Bu durumda gelen yabancı yatırım miktarı yüzde 40 azalmış. Daha da önemlisi, bu rakamlar Türkiye’nin cari açığının yüzde 80’ini sıcak para ile finanse ettiğini gösteriyor. Ve Financial Times haklı olarak, “Şu anda Batılı ülkelerde gevşek para politikası uygulandığı için Türkiye’ye para akışı var. Ama yarın sıkı para politikasına dönülüp para akışı yavaşlarsa ne olacak?” diye soruyor. Aynı konuya ESİAD Başkanı Bülent Akgerman da, Bakan Babacan’ın katıldığı toplantıda küresel ekonomik krizin ekonominin yeniden yapılandırılması için bir fırsat verdiğini ama en büyük yanlışın rehavete kapılmak olduğuna işaret ederek dikkat çekiyordu.
Bugün çarklarının büyük ölçüde sıcak parayla döndüğü anlaşılan Türk ekonomisinde bir güven bunalımında neler yaşanacağını insan düşünmek bile istemiyor. Türkiye’yi de içine çekebilecek bölgesel savaş, bir siyasi kriz gibi beklenmedik olaylar tüm dengeleri alt üst edebilir.

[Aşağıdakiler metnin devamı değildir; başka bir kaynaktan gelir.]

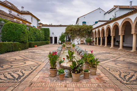 Cordoba, Spain - November 03, 2019: Courtyard garden of Viana Palace in Cordoba, Andalusia. Built in XV century. Viana Palace is a tourist attraction known for its 12 magnificent patios and gardens.
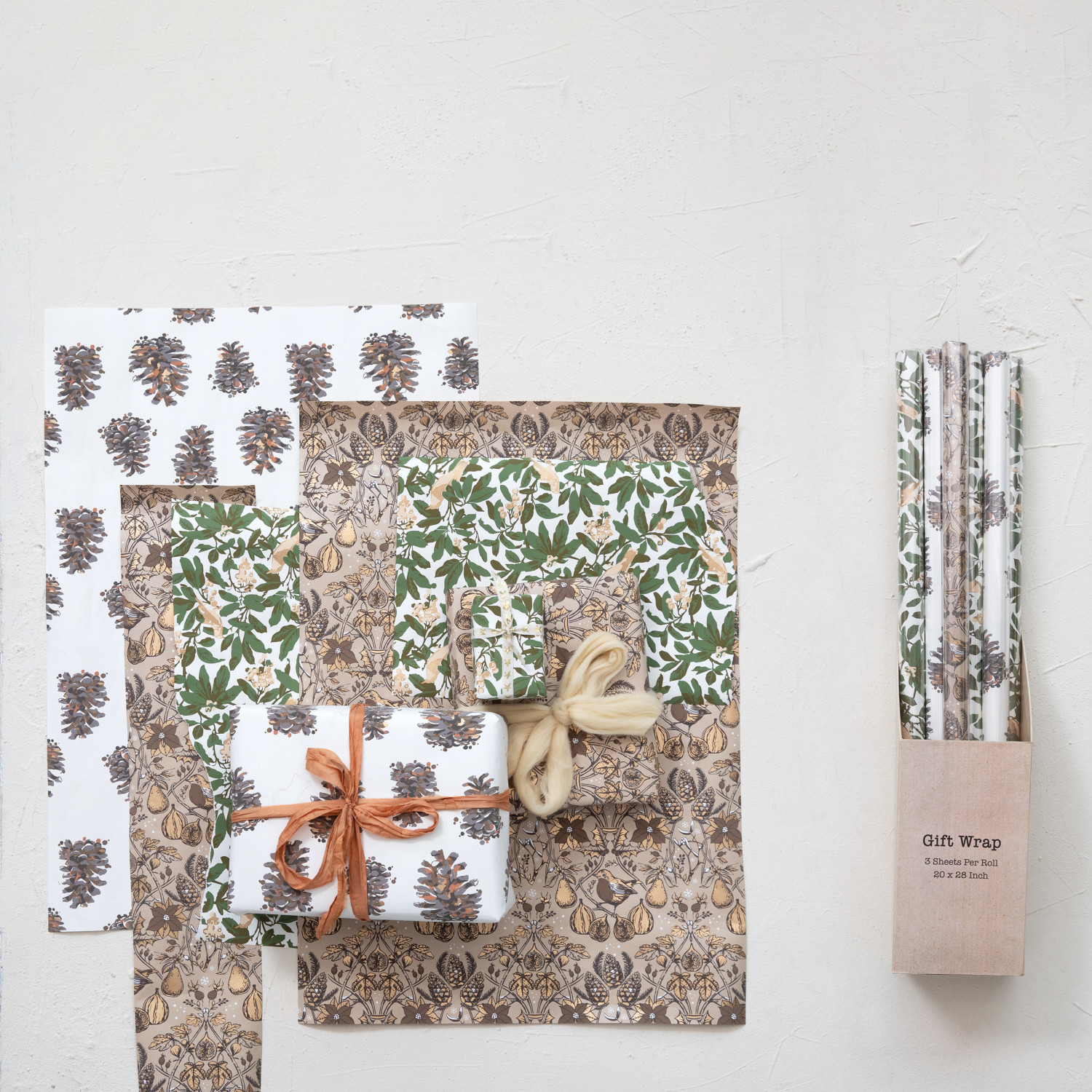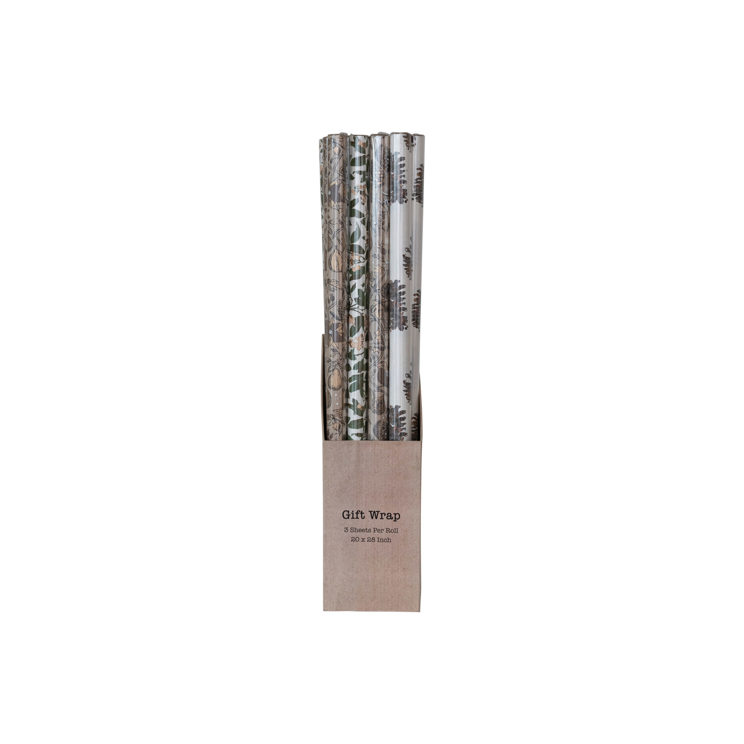 Catalog Name: 28"L x 20"W Handmade Printed Recycled Wrapping Paper Sheets w/ Patterns, Multi Color, 3 Styles, Set of 12 Rolls in Kraft Display Box (3 Sheets Per Roll, 4 Rolls Per Style)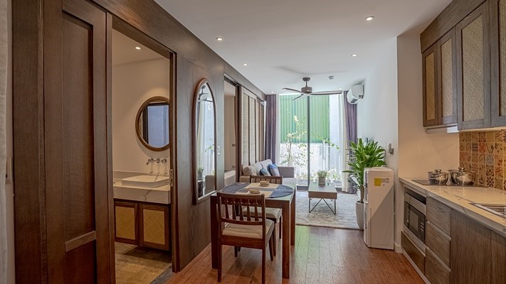 The kitchen is equipped with modern appliances and stylish finishes. The bedroom, a peaceful sanctuary, is designed with a low-profile platform bed and rattan sliding doors.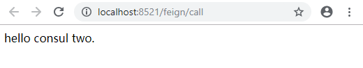 启动成功之后,多次访问 http://localhost:8521/feign/call,结果如同之前一样交替返回 hello consul 和 hello consul two。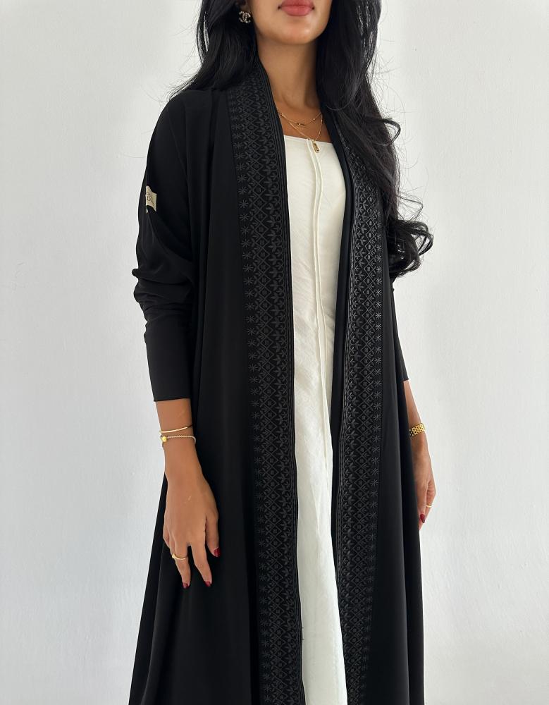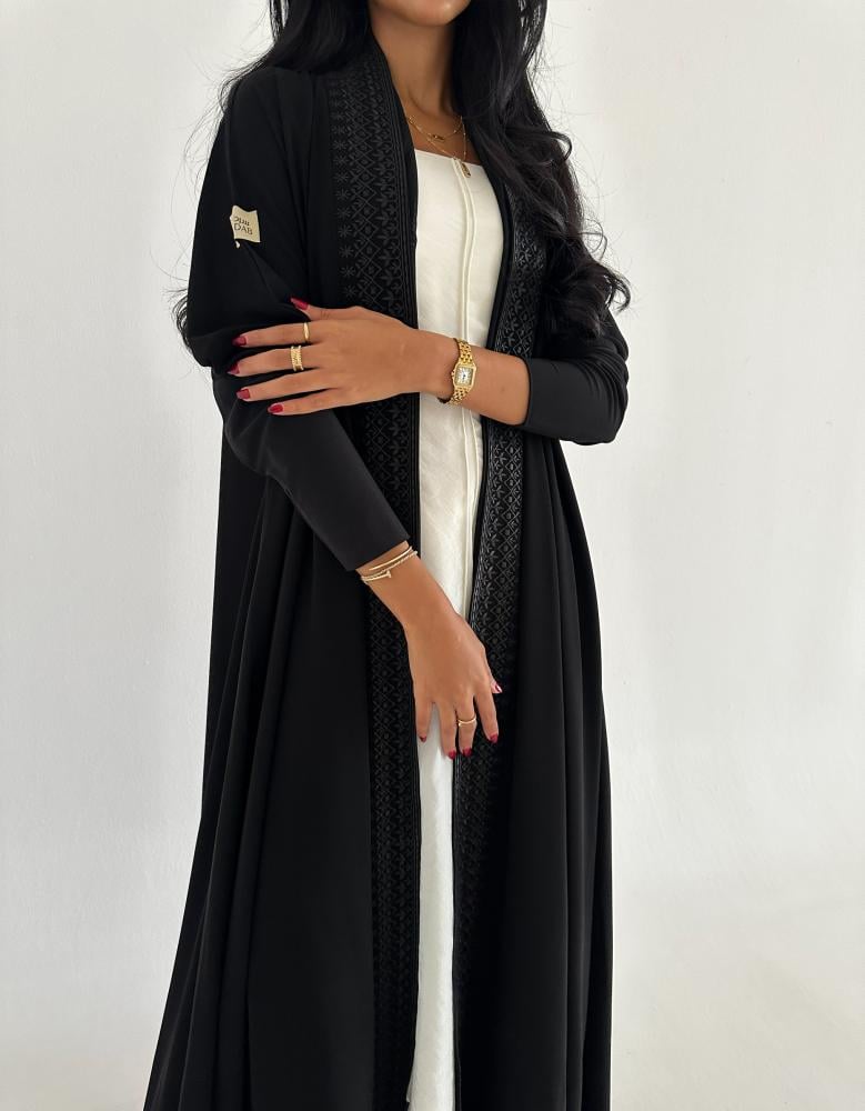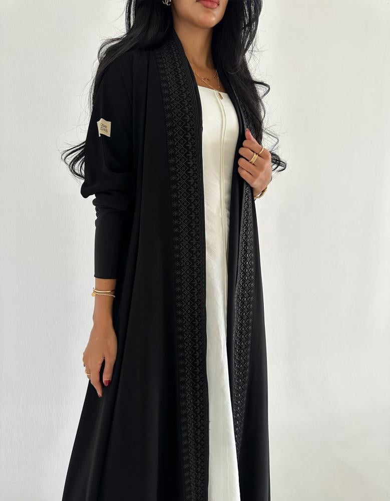 تطريز دقيق بلون العباية لإطلالة راقية وذوق رفيع، مثالي للمناسبات اليومية والرسمية.

Cari açık bombası üzerinde oturan Türkiye, bu açığı azaltacak ekonomik yapıyı sağlamlaştırmak aldığı tedbirleri hızlandırmak zorunda. Cari açık tehlike olmaktan çıkıncaya kadar da dış siyaset başta olmak üzere her adımını
çok dikkatli atıp uluslararası
piyasalarda güven bunalımı
yaratmamalı. Aksi hüsran olur.
Usta parmaklar
CAZ Festivali’nin ilginç konukları var bu yıl. Kolombiyalı arp sanatçısı Edmar Castaneda ve arkadaşları sıra dışı bir konser verdi hafta sonu. Arpın caz müziğinde bu kadar güzel kullanılabileceğini hiç tahmin edemezdim. Castaneda’nın parmaklarının ustalığını tarif etmek ise mümkün değil. Merak edenler İKSEV’in sitesine girip filmini izlesinler ne demek istediğim çok daha iyi anlaşılır.

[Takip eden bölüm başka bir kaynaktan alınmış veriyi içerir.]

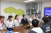 남경필 경기도지사는 23일 경기도청에서 2015~2016년도 컬링 국가대표로 선발된 경기도청 여자팀과 올림픽대표팀으로 선발된 경기도컬링경기연맹 남자팀을 초청해 격려했다. 지난 14일 국가대표선발전을 겸해 개최된 2015 KB금융 한국컬링선수권대회에서 경기도청 여자팀은 예선 7경기와 1~2위 플레이오프, 결승전까지 9경기를 전승으로 우승해 국가대표에 선발됐고, 도컬링연맹 남자팀은 결승에서 강원도청에게 아쉽게 패하며 올림픽대표로 뽑혔다. 특히 남자팀은 정식 팀이 아닌 도내 학교 컬링팀 지도자로 구성된 팀으로 상시훈련이 어려운 가운데에서도 우수한 성과를 거둬 의미가 컸다. 지난해 불미스러운 일로 팀 운영에 차질이 생기면서 국가대표선발전에 출전하지 못했던 경기도청 컬링팀은 1년만에 국가대표를 탈환하며 다시 한번 2018 평창동계올림픽 출전의 의지를 다졌다. 남경필 지사는 “경기도선수단이 어려운 순간을 이겨내고 좋은 성적을 거둔 만큼 향후 더 기대되는 팀으로 성장하기 바란다”고 말했다. /정민수기자 jms@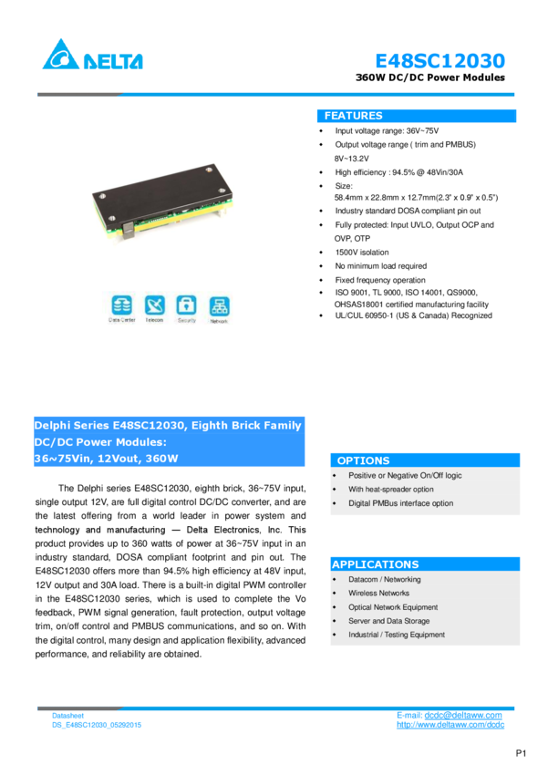 E48SC12030NRFH Module DC-DC 1-OUT 12V 30A 360W 13-Pin 1/8-Brick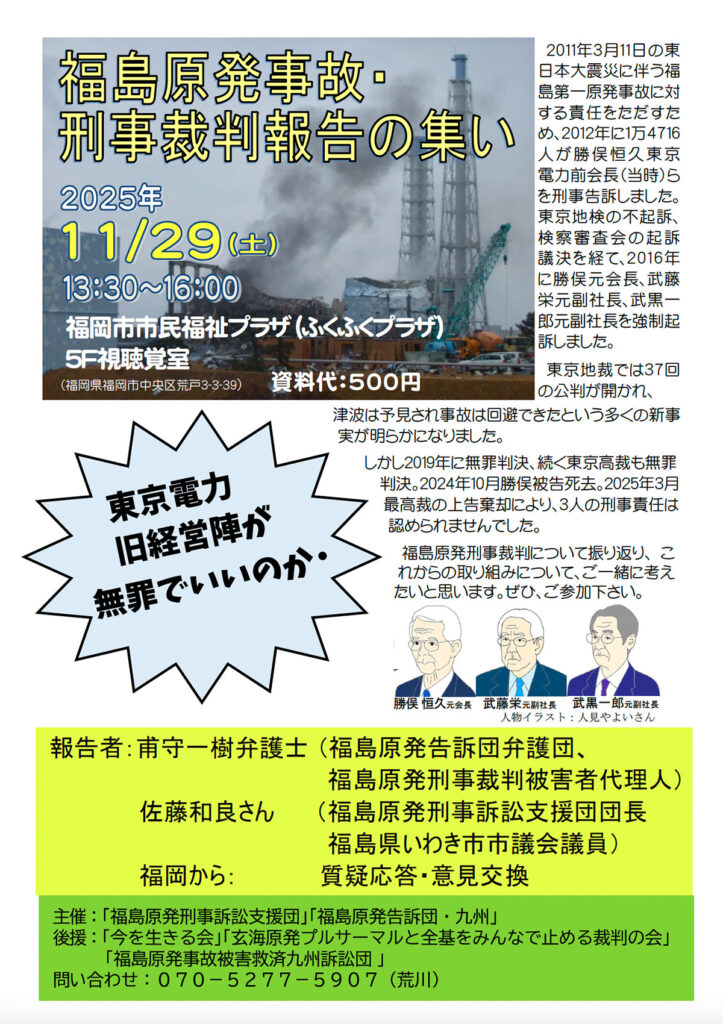 - 主催:「福島原発刑事訴訟支援団」「福島原発告訴団・九州」

Rengarenk tişörtü ve şapkasıyla çok da sempatik bir kişi olan dünyaca ünlü arp ustası pek çok sanatçı gibi İzmir’i öve öve bitiremedi. Kahve ülkesi Kolombiya’dan gelen sanatçının Türk kahvesine bayılması ise ayrı bir güzellikti.
Uluslararası nitelikte kültür ve sanat festivaline sahip olması İzmir’in en önemli zenginliklerinden biri. Hele bu festivallerden birinin İzmir-Avrupa Caz Festivali’nin 20 yaşına gelmesi, Uluslararası İzmir Festivali’nin ise çeyrek asra ulaşıp geçen yıl 25’inci yılını kutlaması ise çok daha anlamlı.
Festival için İzmir’e dünyanın dört bir yanından Kolombiya’dan, Japonya’dan, New York’tan gelip dünyanın dört bir yanına giden sanatçıların olumlu izlenimleri milyonlarca dolarlık tanıtım bedeline denk. İzmirliler festivallerine sahip çıktıkça hem ayaklarına kadar gelen dünyanın en ünlü sanatçılarını izlemeye devam edecek hem de İzmir’in dünya markası bir kent olma hayallerine bir adım daha yaklaşmış olacak.